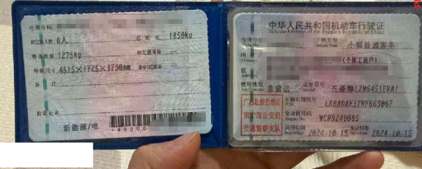 初次登记日期 2024-10-15 车辆名称 五菱汽车 五菱宏光新能源
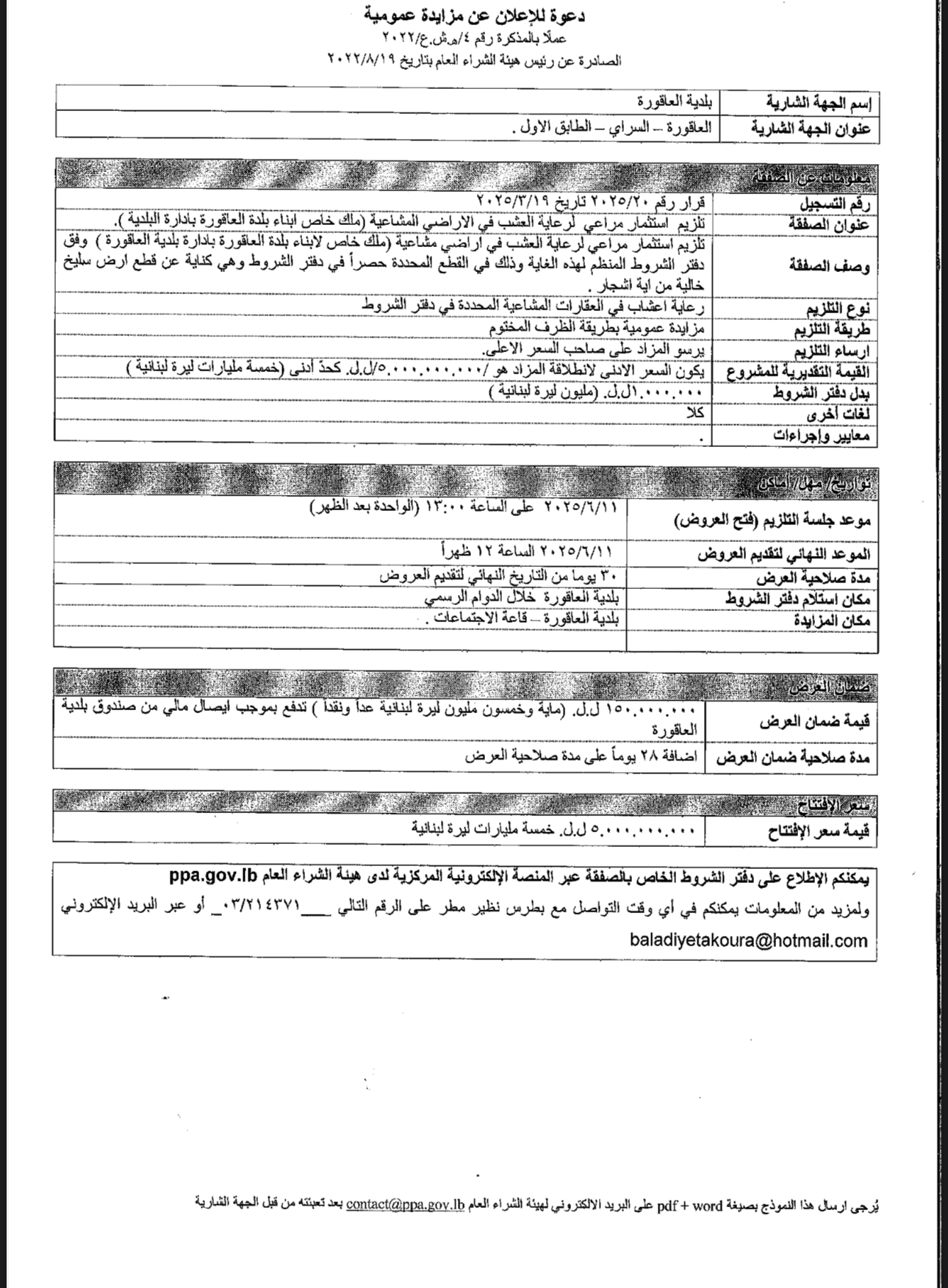 يُطلب إلى كافة الجهات الشارية أو المتعاقدة الخاضعة لأحكام قانون الشراء العام ومن أجل التحضير لتمكينها من الإعلان على المنصة الإلكترونيّة المركزيّة لدى هيئة الشراء العام، الإلتزام بالمذكرة رقم 14/ه.ش.ع/2022.
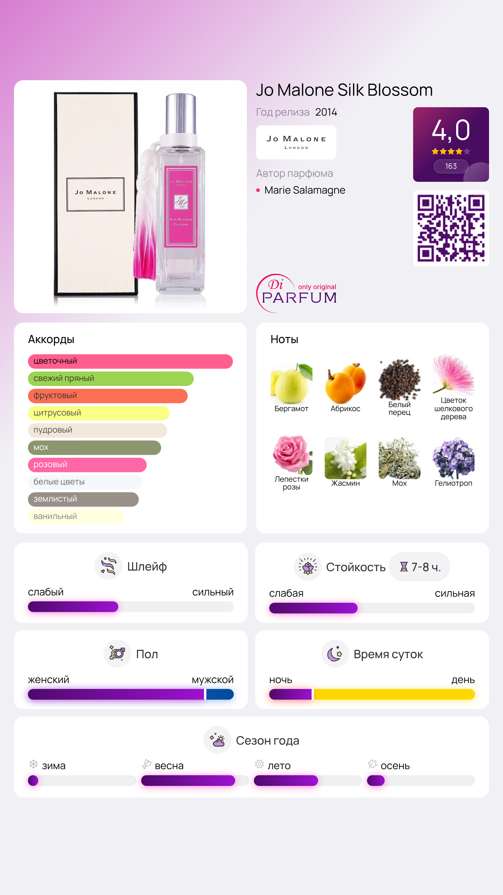 Духи Silk Blossom созданы для смелых и уверенных женщин. В их композиции сочетается утонченный аккорд цветов, пряностей и фруктов. Сладость абрикоса сбалансирована острой ноткой перца, нежным жасмином и розой. Букет дополняют мягкие аккорды мха и ванили. Этот парфюм отлично подойдет для любого времени года. Выделите свою индивидуальность вместе с Silk Blossom!
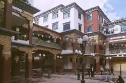 Chengguan was visited by Je Tsongkhapa in 1373 who suggested a monastery be built there. Galden Jampaling Monastery was constructed between 1436 and 1444 by a disciple of Tsongkhapa, Jansem Sherab Zangpo.[5] It is also known as the Changbalin or Qiangbalin Si Monastery. At its height it contained five main temples and housed some 2,500 monks.[6] It was destroyed in 1912 but the main hall (which was used as a prison) and two other buildings survived, and it was rebuilt in 1917 after the Tibetan army retook Chengguan. It now houses about 800 monks.[7][8]
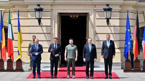 Az ukrán, német, francia, olasz és román vezetők sajtótájékoztatót tartottak kijevi találkozójuk után.
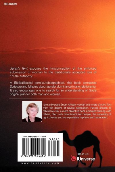 Sarah's Tent exposes the misconception of the enforced submission of woman to the traditionally accepted role of "male authority". A Biblical-based semi-autobiographical, this book explores and exposes the misconceptions and fallacies about the role of male dominance in any relationship. It encourages one to examine and explore Scripture to understand God's original plan for man and woman.
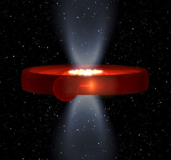 El equipo observó unos extraños eclipses en el sistema que duraban y se repetían cada pocos minutos. Este hallazgo les llevó a dos conclusiones: el agujero negro debía estar casi de canto (tiene una inclinación de al menos 75 grados) y presenta una peculiar estructura vertical situada en el disco de acreción del sistema, es decir, el conjunto de la materia que el agujero va robando de la estrella y que forma una corriente en forma de disco, similar a la que genera el agua al destapar un fregadero.
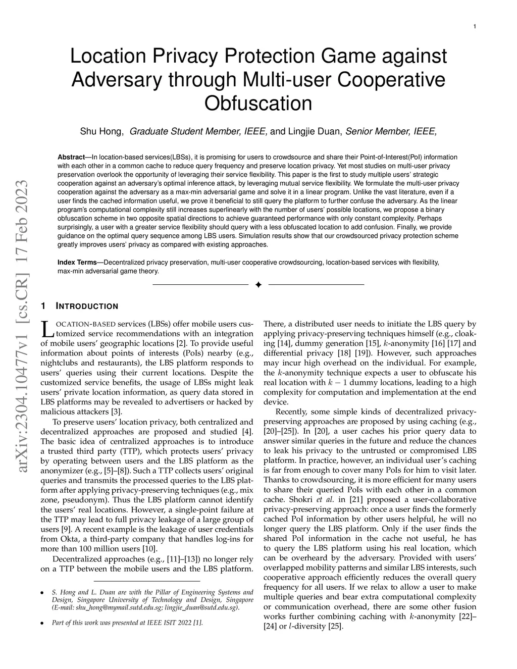 Location Privacy Protection Game against Adversary through Multi-user
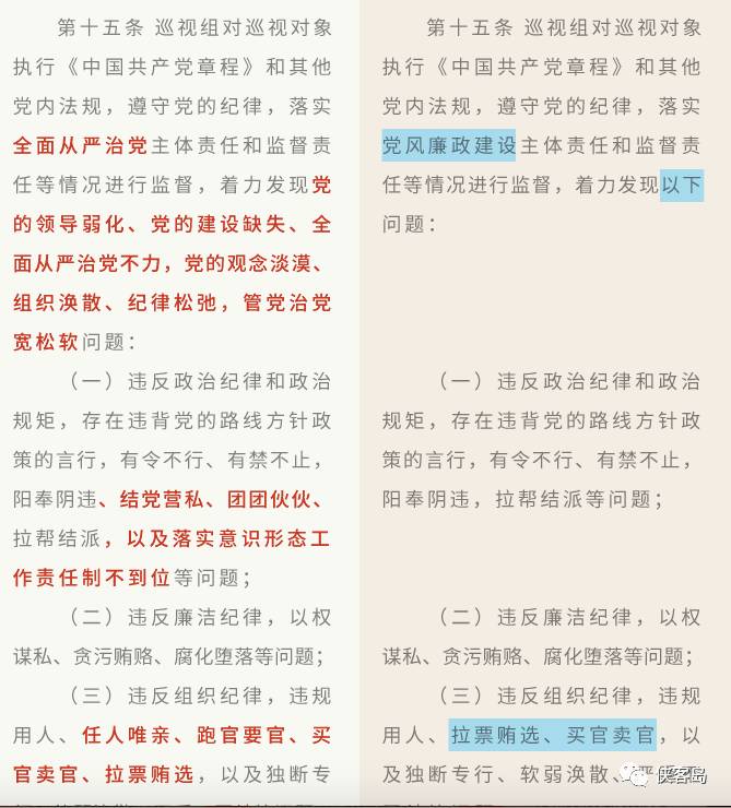 跟上一次相比,此次修訂,最引人注目的內容在兩個方面:一,確定了“在一屆任期內對所管理的地方、部門、企事業單位黨組織全面巡視”的頻率和範圍,同時規定中央的部門、地方市縣一級,也都要對所轄範圍進行巡視、巡察;二,巡視的內容,提綱挈領指出首要的是“全面從嚴治黨”相關,以此為統攝,下列政治規矩和紀律、廉潔紀律、組織紀律、羣眾紀律等,與《黨內監督條例》相吻合。
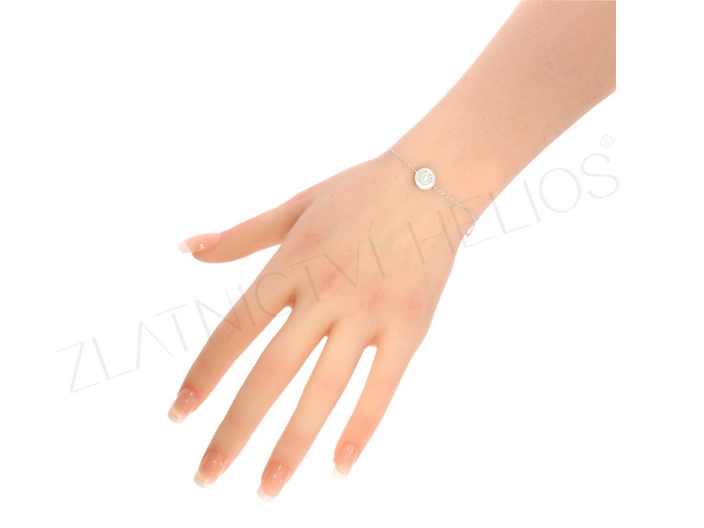 Strieborný náramok s písmenom O zdobeným zirkónmi.
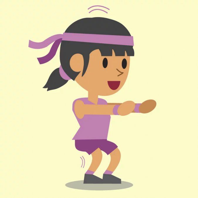- Haz una sentadilla flexionando las rodillas 90 º. Para aumentar la eficacia del ejercicio, espera 2 o 3 segundos antes de volver a la posición inicial.
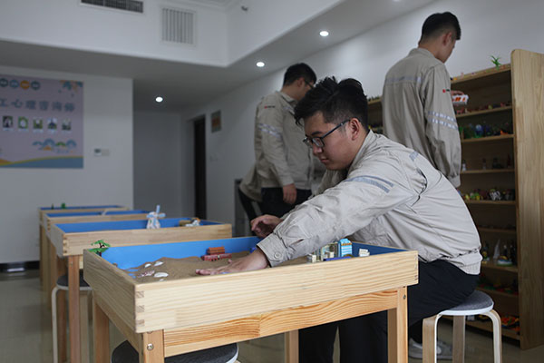 職工是企業(yè)之本,為促進(jìn)新職工之間的人際互動(dòng),普及心理健康知識(shí)水平,增強(qiáng)職工心理健康防護(hù)能力,激發(fā)職工工作的積極性、主動(dòng)性,該公司工會(huì)組織開(kāi)展了沙盤游戲活動(dòng)。在工作人員介紹了沙盤游戲的相關(guān)知識(shí)和規(guī)則后,活動(dòng)正式開(kāi)始。通過(guò)非語(yǔ)言的溝通方式,新職工們構(gòu)造著自我的內(nèi)心世界,有的是回味校園時(shí)光的美好畫面;有的是構(gòu)想未來(lái)的自由悠閑生活畫面;還有的是回歸現(xiàn)實(shí),踏實(shí)學(xué)習(xí)兢兢業(yè)業(yè)工作的畫面.......。短短的兩個(gè)小時(shí),通過(guò)繪制沙盤,體會(huì)到了凝聚與溫暖的力量;通過(guò)分享傾訴,訴說(shuō)出了內(nèi)心的真實(shí)感受;通過(guò)溝通討論,相互汲取智慧。沙盤游戲還教會(huì)了大家如何在平常生活中如何緩解自身心理壓力,培養(yǎng)良好的生活習(xí)慣,進(jìn)一步增強(qiáng)了團(tuán)隊(duì)的凝聚力和向心力。
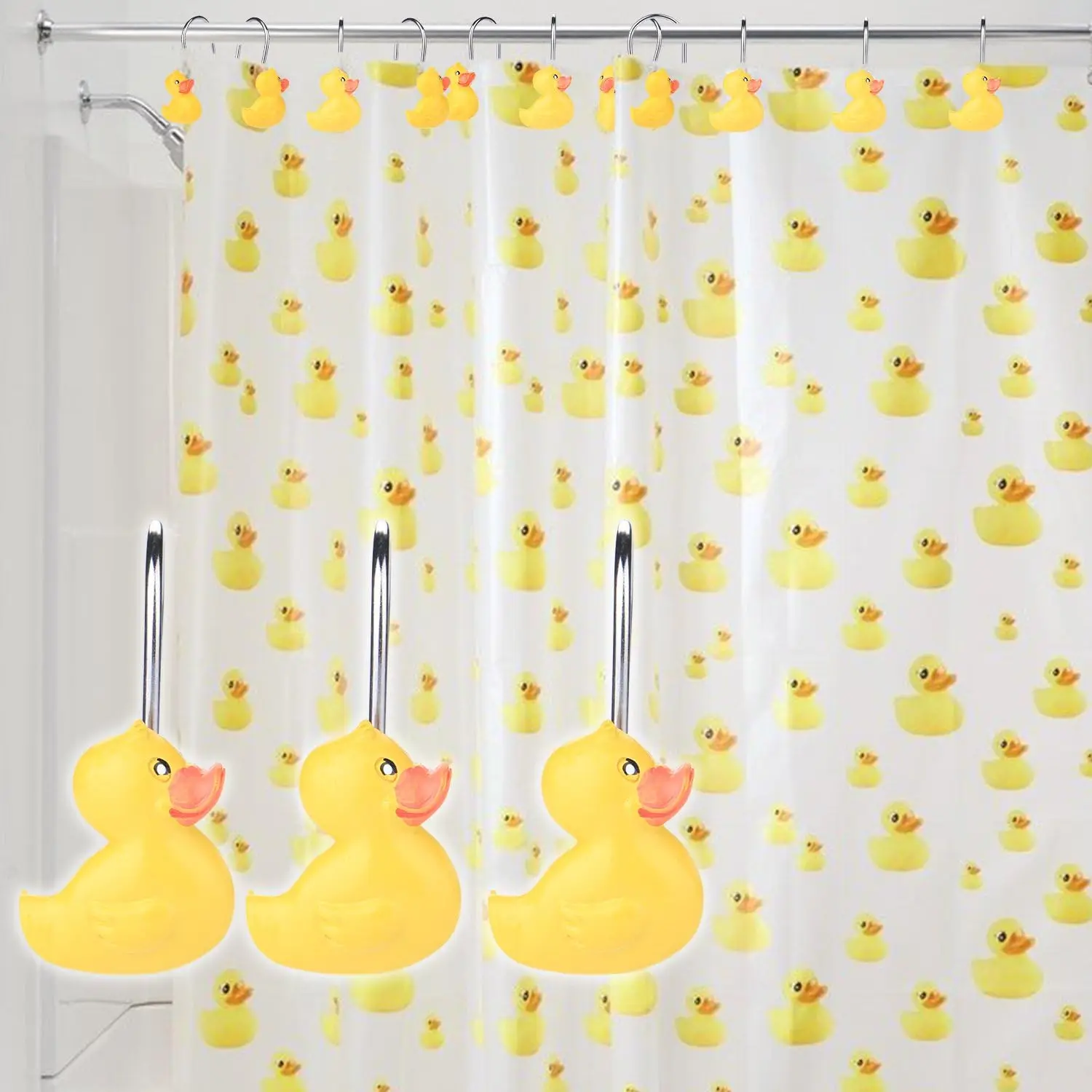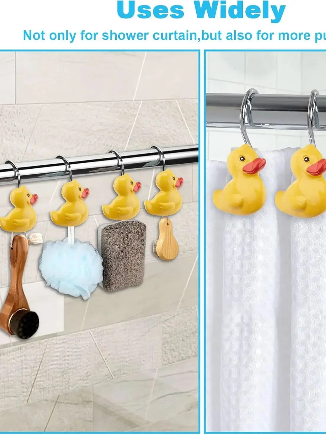 Experience Durability and Style with Rubber Duck Shower Curtain Hooks – 2Pcs Cute Yellow Ducks

================================

#### [ASSIGNMENT]
Your copy of the records must match them exactly, except that no pictures appear in it.

#### [EXPECTED ANSWER]
 初次登记日期 2024-10-15 车辆名称 五菱汽车 五菱宏光新能源
 يُطلب إلى كافة الجهات الشارية أو المتعاقدة الخاضعة لأحكام قانون الشراء العام ومن أجل التحضير لتمكينها من الإعلان على المنصة الإلكترونيّة المركزيّة لدى هيئة الشراء العام، الإلتزام بالمذكرة رقم 14/ه.ش.ع/2022.
 Духи Silk Blossom созданы для смелых и уверенных женщин. В их композиции сочетается утонченный аккорд цветов, пряностей и фруктов. Сладость абрикоса сбалансирована острой ноткой перца, нежным жасмином и розой. Букет дополняют мягкие аккорды мха и ванили. Этот парфюм отлично подойдет для любого времени года. Выделите свою индивидуальность вместе с Silk Blossom!
 Chengguan was visited by Je Tsongkhapa in 1373 who suggested a monastery be built there. Galden Jampaling Monastery was constructed between 1436 and 1444 by a disciple of Tsongkhapa, Jansem Sherab Zangpo.[5] It is also known as the Changbalin or Qiangbalin Si Monastery. At its height it contained five main temples and housed some 2,500 monks.[6] It was destroyed in 1912 but the main hall (which was used as a prison) and two other buildings survived, and it was rebuilt in 1917 after the Tibetan army retook Chengguan. It now houses about 800 monks.[7][8]
 Az ukrán, német, francia, olasz és román vezetők sajtótájékoztatót tartottak kijevi találkozójuk után.
 Sarah's Tent exposes the misconception of the enforced submission of woman to the traditionally accepted role of "male authority". A Biblical-based semi-autobiographical, this book explores and exposes the misconceptions and fallacies about the role of male dominance in any relationship. It encourages one to examine and explore Scripture to understand God's original plan for man and woman.
 El equipo observó unos extraños eclipses en el sistema que duraban y se repetían cada pocos minutos. Este hallazgo les llevó a dos conclusiones: el agujero negro debía estar casi de canto (tiene una inclinación de al menos 75 grados) y presenta una peculiar estructura vertical situada en el disco de acreción del sistema, es decir, el conjunto de la materia que el agujero va robando de la estrella y que forma una corriente en forma de disco, similar a la que genera el agua al destapar un fregadero.
 Location Privacy Protection Game against Adversary through Multi-user
 跟上一次相比,此次修訂,最引人注目的內容在兩個方面:一,確定了“在一屆任期內對所管理的地方、部門、企事業單位黨組織全面巡視”的頻率和範圍,同時規定中央的部門、地方市縣一級,也都要對所轄範圍進行巡視、巡察;二,巡視的內容,提綱挈領指出首要的是“全面從嚴治黨”相關,以此為統攝,下列政治規矩和紀律、廉潔紀律、組織紀律、羣眾紀律等,與《黨內監督條例》相吻合。
 Strieborný náramok s písmenom O zdobeným zirkónmi.
- Haz una sentadilla flexionando las rodillas 90 º. Para aumentar la eficacia del ejercicio, espera 2 o 3 segundos antes de volver a la posición inicial.
 職工是企業(yè)之本,為促進(jìn)新職工之間的人際互動(dòng),普及心理健康知識(shí)水平,增強(qiáng)職工心理健康防護(hù)能力,激發(fā)職工工作的積極性、主動(dòng)性,該公司工會(huì)組織開(kāi)展了沙盤游戲活動(dòng)。在工作人員介紹了沙盤游戲的相關(guān)知識(shí)和規(guī)則后,活動(dòng)正式開(kāi)始。通過(guò)非語(yǔ)言的溝通方式,新職工們構(gòu)造著自我的內(nèi)心世界,有的是回味校園時(shí)光的美好畫面;有的是構(gòu)想未來(lái)的自由悠閑生活畫面;還有的是回歸現(xiàn)實(shí),踏實(shí)學(xué)習(xí)兢兢業(yè)業(yè)工作的畫面.......。短短的兩個(gè)小時(shí),通過(guò)繪制沙盤,體會(huì)到了凝聚與溫暖的力量;通過(guò)分享傾訴,訴說(shuō)出了內(nèi)心的真實(shí)感受;通過(guò)溝通討論,相互汲取智慧。沙盤游戲還教會(huì)了大家如何在平常生活中如何緩解自身心理壓力,培養(yǎng)良好的生活習(xí)慣,進(jìn)一步增強(qiáng)了團(tuán)隊(duì)的凝聚力和向心力。
 Experience Durability and Style with Rubber Duck Shower Curtain Hooks – 2Pcs Cute Yellow Ducks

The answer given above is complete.